Indeed, this perceptual battle is one that I wrote about earlier this summer, where I explored the two mindsets that tend to underpin a belief in either natural talent that is fixed and unshapeable, or a more adaptive talent that can be improved and moulded with hard work.  It’s probably quite easy to see how this latter mindset is more compatible with the ideals of being a social business.

A recent study takes a rather different tact, and suggests that leadership is very much something you either have, or you don’t.  They suggest that a better understanding of how leadership emerges in an individual is crucial if any kind of leadership development is to be effective.

“It’s a three-legged stool: we call it being ready, willing, and able. Students first become ready to learn about being a leader; then they become willing to learn the skills necessary to practice leadership; and finally they’re able to lead because they have the skills and the motivation to do it.

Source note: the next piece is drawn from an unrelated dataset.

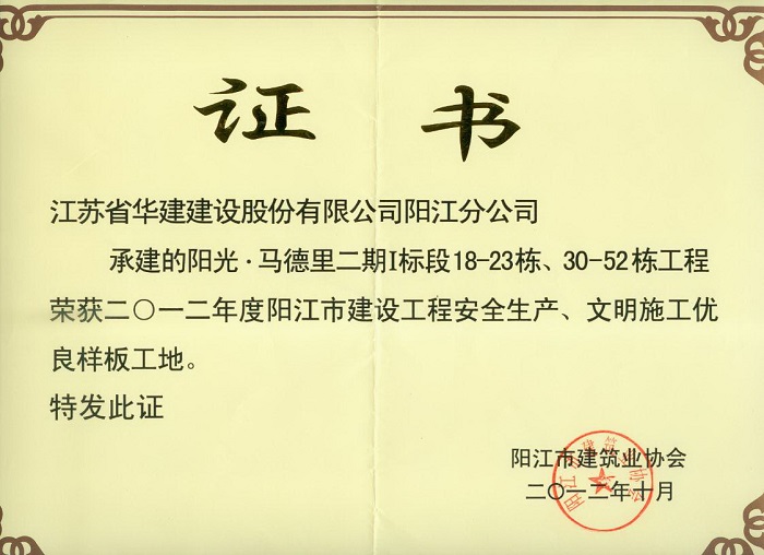 2012年陽光馬德里二期陽江市建設(shè)工程安全生產(chǎn)、文明施工優(yōu)良...

You can’t really move on to the other legs of the stool until you’ve achieved a certain amount of this readiness,” they suggest.

So, in other words, if the student doesn’t believe they can develop into a leader, then no amount of development will make any difference.  It’s a theme I touched upon in a previous blog, which covered research suggesting that leaders who believe the abilities of their team is largely fixed, don’t then bother to invest in their development.

The research suggests therefore that the first step in any kind of leadership development is developing the mindset whereby each individual believes they can become a leader.  They advocate a relatively simple self-assessment test that will give the individual an idea of where their strengths and weaknesses as a leader are, and they can then use this as a base to move on from with their development.